▶ _Available records_
★ ★ ★ ★

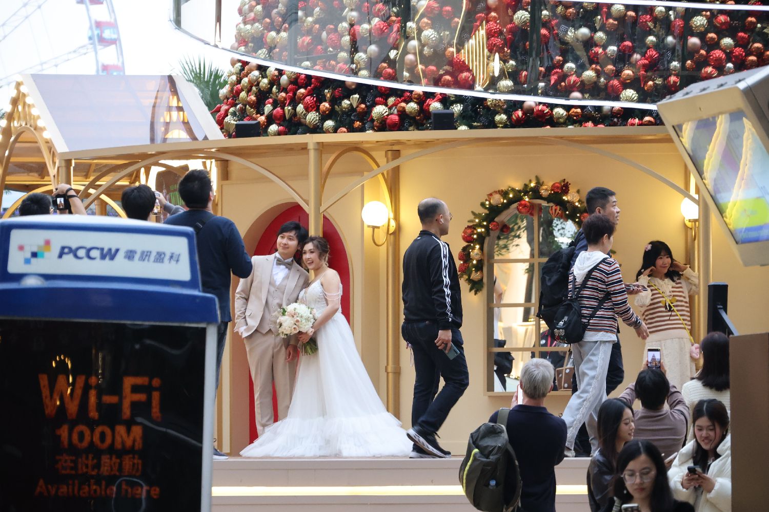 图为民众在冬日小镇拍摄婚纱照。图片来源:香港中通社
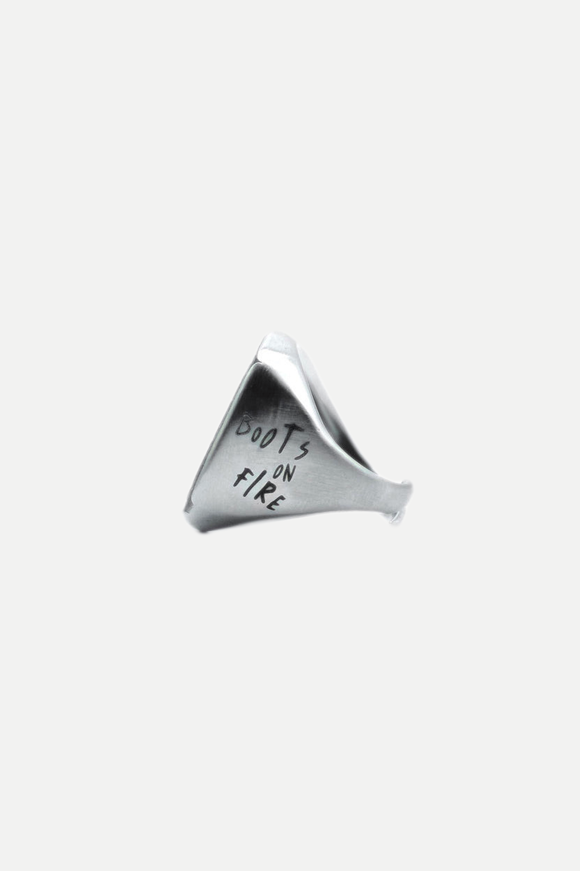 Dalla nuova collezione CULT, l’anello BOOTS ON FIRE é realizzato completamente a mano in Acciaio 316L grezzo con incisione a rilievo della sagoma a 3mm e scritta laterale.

★ ★ ★ ★

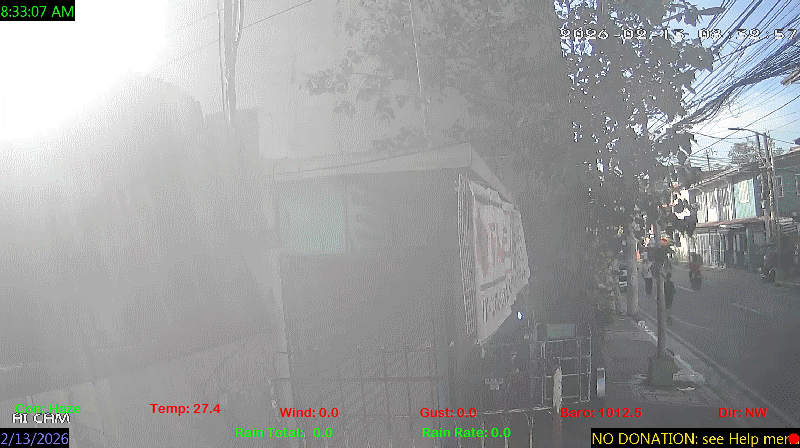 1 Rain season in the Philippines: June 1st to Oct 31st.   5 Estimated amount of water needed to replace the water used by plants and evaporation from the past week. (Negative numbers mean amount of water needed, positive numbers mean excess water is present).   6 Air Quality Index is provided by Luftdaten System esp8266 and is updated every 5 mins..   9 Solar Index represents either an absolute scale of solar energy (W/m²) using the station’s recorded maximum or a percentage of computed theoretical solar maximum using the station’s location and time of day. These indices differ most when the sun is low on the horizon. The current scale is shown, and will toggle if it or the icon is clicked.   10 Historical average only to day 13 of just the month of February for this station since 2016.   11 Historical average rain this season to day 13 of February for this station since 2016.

★ ★ ★ ★

▶ _What is needed_
Everything above from the line that has "图为民众在冬日小镇拍摄婚纱照。图片来源:香港中通社" down to the line that has "Dalla nuova collezione" should be output exactly, with both of those lines included. Leave the pictures behind.

▶ _Solution for this problem_
 图为民众在冬日小镇拍摄婚纱照。图片来源:香港中通社
 Dalla nuova collezione CULT, l’anello BOOTS ON FIRE é realizzato completamente a mano in Acciaio 316L grezzo con incisione a rilievo della sagoma a 3mm e scritta laterale.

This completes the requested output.